Denn die Uraufführung der neuen Oper «George» der australischen Komponistin Elena Kats-Chernin in Hannover bringt eine lustige, wilde, quirlig-spritzige, pathetische und eindringliche Mischung aus Oper, Schauspiel und Casting-Show auf die Bühne.
 
Wer glaubt, in Sachen Casting bei RTL schon alle denkbaren schrecklichen Darbietungen erlebt zu haben, kennt diese Oper nicht: Von der Schlager-Schnulze bis zum Rap ist alles dabei. Nicht nur die Musik persifliert hier, auch der Text des Filmemachers Axel Ranisch («Dicke Mädchen») passt perfekt. Kostprobe gefällig: «Mein Vater war ein Vollidiot, ein stinkendfauler Sack - mir und meiner Mum hat er das Leben fett verkackt.» Eine Persiflage in der Persiflage.
 
Denn das ist die ganze Oper, mit musikalischen Zitaten aus zahllosen Genres. Erinnerungen an die Barocktrompete werden wach, wenn sich der wunderbar dekadente und überkandidelte Monarch George I. - grell geschminkt, mit großen Gesten und in Spiellaune: der gefeierte Altist Jochen Kowalski - per Sänfte auf die Bühne tragen lässt und das Publikum mit seiner Herablassung beschenkt.
 
Dazu schaut der zweite George - eben Händel, dargestellt vom Schauspieler Heiko Pinkowski und ironischerweise der einzige in der Oper, der nicht singt - beim Vorsingen genauso baff drein wie die Fernsehzuschauer bei den schrägeren Darbietungen beim RTL-Casting.
 
Überhaupt - Casting? Zur Zeit Händels? Oh ja, nur nennt man es Vorsingen. Und darum geht es in der Oper - der eine George (Händel) erhält von seinem König - dem anderen George - einen Kompositionsauftrag. Gleichzeitig verlangt der Monarch neue Stars. So muss der Komponist auf Sängersuche gehen, vermisst aber schon bald seinen wegen falscher Töne gefeuerten Kastraten Sino (Countertenor Denis Lakey).
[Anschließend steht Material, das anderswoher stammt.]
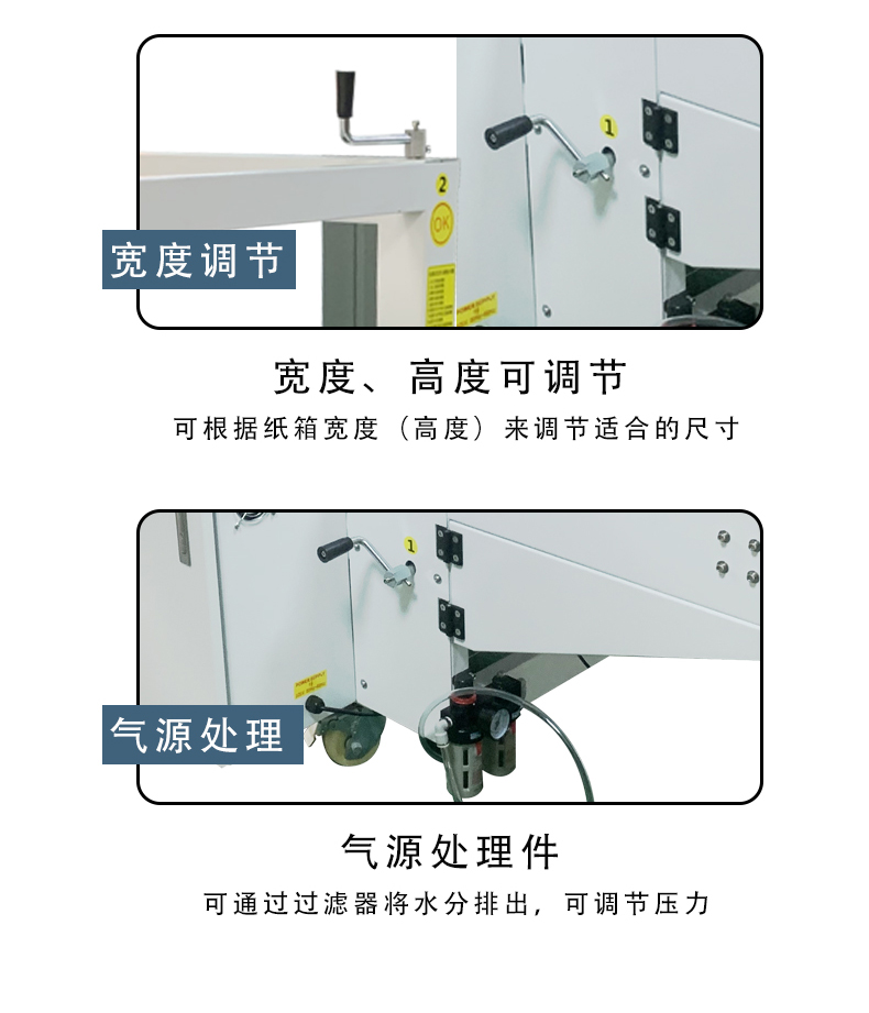 - 自動開箱封底機可以適應多種規格的紙箱。無論是不同的長度、寬度還是高度的紙箱,只要在機器的設計參數范圍內,都可以進行有效的開箱和封底操作。例如,它可以處理小型的電子產品包裝盒,也可以處理大型的家電產品包裝箱。

Denn mit den neuen Stars ist nicht viel Staat zu machen.
 
So bringt Händel seinen ihn liebenden Kastraten von der Casting-Reise einfach wieder mit. Das wiederum verärgert den König - Oper ist damals Chefsache und Homosexualität nicht wohlgelitten. Gut, dass im letzten Moment das übermenschliche Gesangswunder Finella (Eleanor Lyons) vorbeischaut - die beherrscht zwar nur den Laut «ah», aber den singt sie wundervoll. So erinnert sie teils an die singende Puppe Olympia aus Offenbachs «Hoffmanns Erzählungen». Während Sino als Persiflage sowohl der barocken als auch der zeitgenössischen Oper viel Pathos beisteuert - und Gesangslinien, die an die handelsüblicheren neuen Opern erinnern.
 
So fällt der Zugang zur zeitgenössischen Oper leicht, Kats-Chernin hat eine spritzige Musik abgeliefert, die vom Spiel mit den musikalischen Vorbildern lebt. Dass sie gefällige und zugängliche - und dennoch anspruchsvolle - Musik zu schreiben versteht, hat sie allerdings nicht zum ersten Mal bewiesen. Das hat auch die Eröffnung der Olympischen Spiele in Sydney mit ihrer Musik bewiesen. Was sagt das Publikum zu dem neuen Werk? Riesenapplaus.